In Scott v. Harris, 127 S. Ct. 1769 (2007) the United States Supreme Court was of the opinion that “no reasonable juror” could find that a fleeing driver did not pose a deadly risk to the public. Due to this belief, the Court held that a police officer did not violate the Fourth Amendment when the officer deliberately rammed his car into that of the fleeing motorist and flipped it over an embankment. The fleeing driver had refused to be pulled over for speeding and instead sought to evade the police in a high-speed chase. “He created the scariest chase I ever saw since ‘The French Connection,’” said Justice Scalia. The crash rendered the fleeing motorist a quadriplegic. To support the Court’s opinion, the Court uploaded to its website a video of the chase, filmed from inside the pursuing police cruisers, and invited members of the public to make up their own minds after viewing it.
Justice Scalia, writing for an eight-Justice majority, stated, “[t]here is . . . an added wrinkle in this case: existence in the record of a videotape capturing the events in question.” “When opposing parties tell two different stories, one of which is blatantly contradicted by the record, so that no reasonable jury could believe it, a court should not adopt that version of the facts for purposes of ruling on a motion for summary judgment,” Justice Scalia reasoned. “Respondent’s version of events is so utterly discredited by the record that no reasonable jury could have believed him.”

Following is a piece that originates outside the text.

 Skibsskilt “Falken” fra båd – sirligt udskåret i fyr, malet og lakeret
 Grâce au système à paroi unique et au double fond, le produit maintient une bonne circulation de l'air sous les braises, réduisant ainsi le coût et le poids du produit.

No reasonable jury could disagree with him, wrote Justice Scalia; but unfortunately, Justice Stevens did. Justice Stevens watched the video and found “the tape actually confirms, rather than contradicts, the lower courts’ appraisal of the factual questions at issue.”
It was not unusual for Scalia and Stevens to disagree. However, what made this disagreement unusual was the method Scalia used to support his position. Rather than using words to support his position of “no reasonable juror,” Scalia created a multimedia cyber-opinion, by giving a URL for a digital rendering of the tape that had been uploaded to the Court’s website. “We are happy,” Scalia wrote, “to allow the videotape to speak for itself.”
This same video was shown to a sample of 1350 Americans. Overall, a majority agreed with the Court’s resolution of the key issues, but within the sample there were sharp differences of opinion along cultural, ideological, and other lines.
A fairly substantial majority did interpret the facts the way the Court did. But members of various subcommunities did not. African Americans, low-income workers, and residents of the Northeast, for example, tended to form more pro-plaintiff views of the facts than did the Court. So did individuals who characterized themselves as liberals and Democrats. Individuals with these characteristics tend to share a cultural orientation that prizes egalitarianism and social solidarity. Various highly salient, “symbolic” political issues — from gun control to affirmative action, from the death penalty to environmental protection — feature conflict between persons who share this recognizable cultural profile and those who hold an opposing one that features hierarchical and individualistic values. Persons who subscribed to the former style tended to perceive less danger in driver’s flight, to attribute more responsibility to the police for creating the risk for the public, and to find less justification in the use of deadly force to end the chase. Indeed, these individuals were much more likely to see the police, rather than driver, as the source of the danger posed by the flight and to find the deliberate ramming of the driver’s vehicle unnecessary to avert risk to the public.
The question, therefore, posed by the data is not, as Justice Breyer asked, whether to believe one’s eyes, but rather whose eyes the law should believe when identifiable groups of citizens form competing factual perceptions. So what see becomes a question of what you believe is the correct way of doing something.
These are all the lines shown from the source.